We are not alone in our concerns about anonymous fathers and about donor conception. In addition to the donor-conceived people, researchers, and activists interviewed in the film, many other donor-conceived persons have concerns about anonymous sperm donation and about donor conception, several of whom blog about their perspectives and their concerns. We have also been contacted by mothers who used donor sperm to conceive children as well as by sperm donors who resonate with the concerns raised in our film. It is also worth noting that the donor-conceived people in our film do not all agree with one another about the proper response to anonymous fathers.

Further, these concerns are not limited to our own shores. The London-based Nuffield Council on Bioethics currently has a project underway to “explore the ethical issues that arise around the disclosure of information in connection with donor-conceived people.” In the Australian state of Victoria, a parliamentary committee has recommended that donor-conceived persons should be told the identity of their biological parent, even if the sperm donor was originally promised anonymity. And, as we highlight in the film, a case regarding sperm-donor anonymity is currently working its way through Canadian court system, and will likely end up before the Supreme Court of Canada.

In answer to the question, “Are ‘Anonymous Fathers’ Really a Problem?” our response is “yes, and we are only beginning to find out just how much of a problem.”

We have been very encouraged this week to read the dialogue between Slate’s William Saletan and the New York Times’ Ross Douthat. It is an example of a substantive, civil, and even cheerful exchange between two people who have very different views. Such exchanges are possible only when all parties are willing to do the difficult work of seeking to understand fully the positions of others. Unfortunately, Dr. Johnson McGee’s post shows no evidence that she has made any effort at all to understand our position. Instead, she criticizes a caricature of our work.

Finally, we would like to give Dr. Johnson McGee the benefit of the doubt regarding her use of the term “crusade” to describe our work. Perhaps it was a poorly considered word choice in a hastily written blog post. If so, then we would like to bring to her attention that its connotations are not helpful to a substantial discussion of important ideas.

At the same time, however, we do not want to be passive-aggressive with regard to this matter, making some subtle dig by simply bringing up the use of the word “crusade.” We will state it plainly: if you wish to criticize our work because we are Christians, then please do so directly. We make no secret of the fact that we are Christians, nor do we make any apologies for addressing the issues of bioethics from a perspective that is informed by one of the world’s great religious traditions.

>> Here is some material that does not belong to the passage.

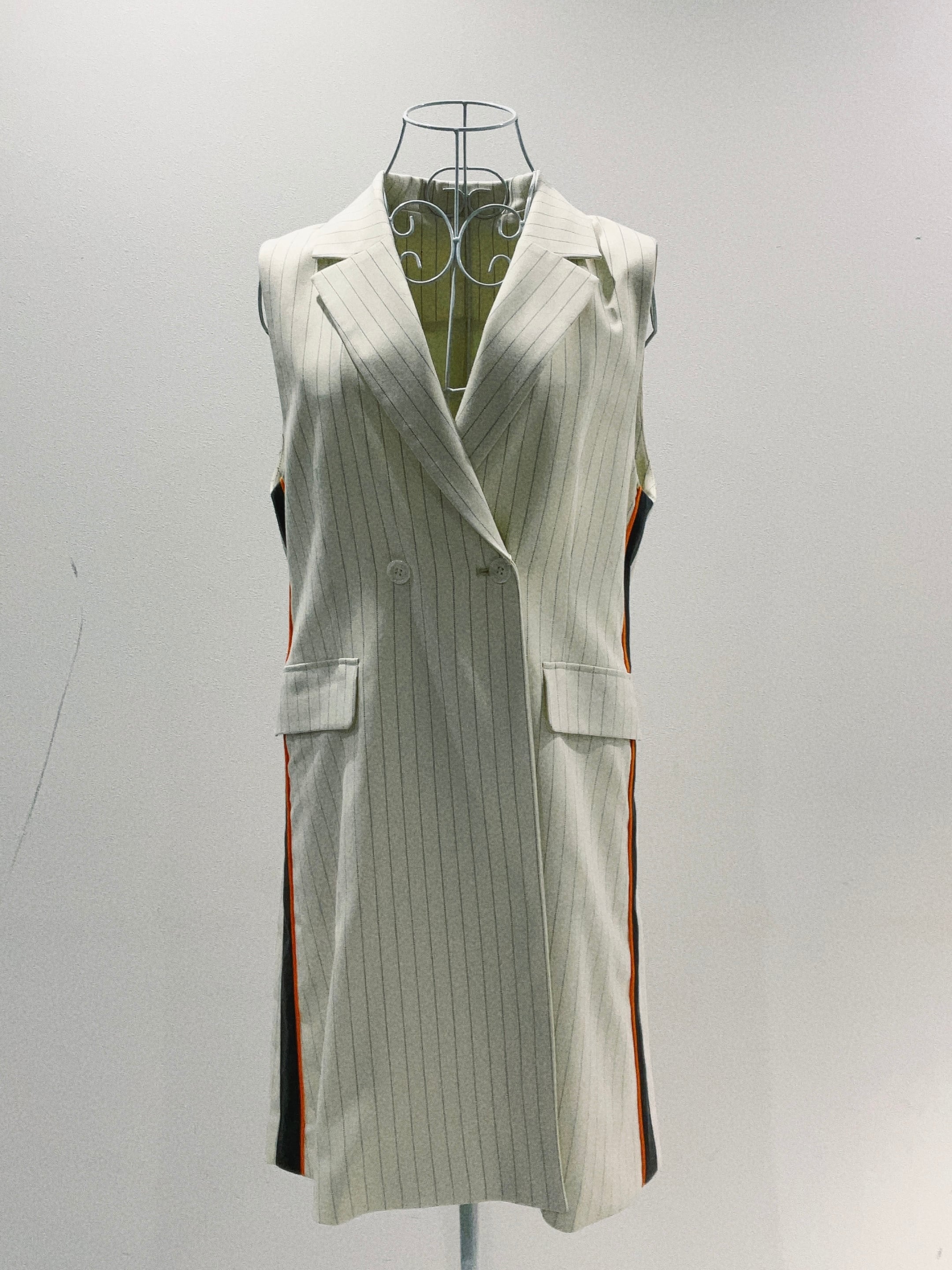 Le's Ageu(レ・アージュ) ピンストライプ サイドラインロングベスト【E-3013】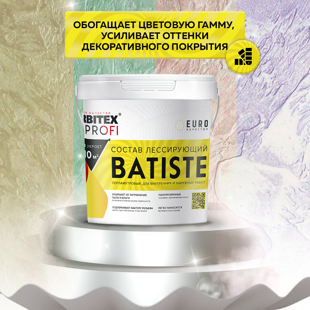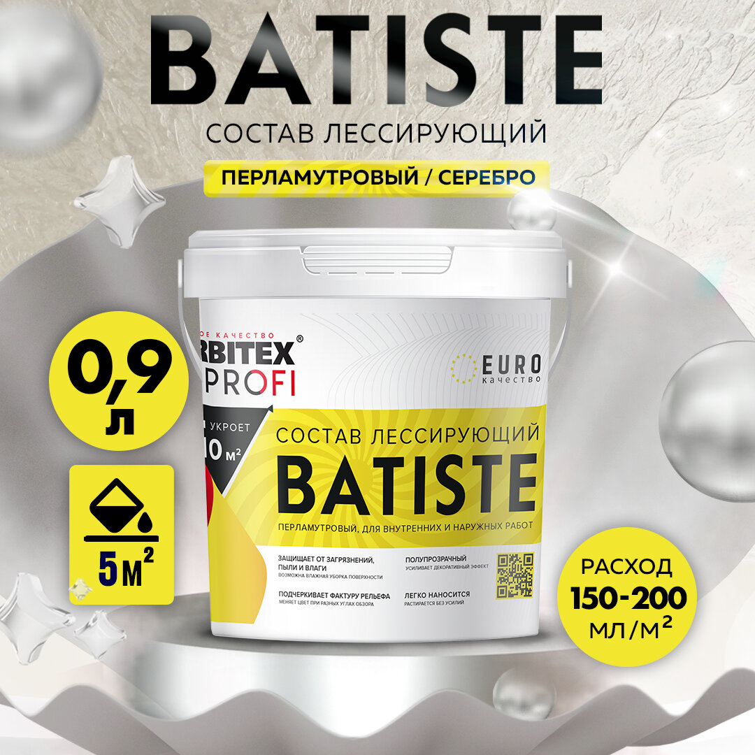 Состав лессирующий полупрозрачный "BATISTE" серебро FARBITEX PROFI 0,9 л интересное:

To criticize a caricature of our views or to mock and dismiss our work because we are Christians is to demonstrate an intellectual indolence that is beneath the standards of the American Journal of Bioethics and that is in direct opposition to the character of the entire history of the field of bioethics.


Jennifer Lahl is the executive producer, director, and co-writer of Anonymous Father’s Day and the founder and president of The Center for Bioethics and Culture.

Matthew Eppinette is the associate producer and co-writer of Anonymous Father’s Day and new media manager at The Center for Bioethics and Culture.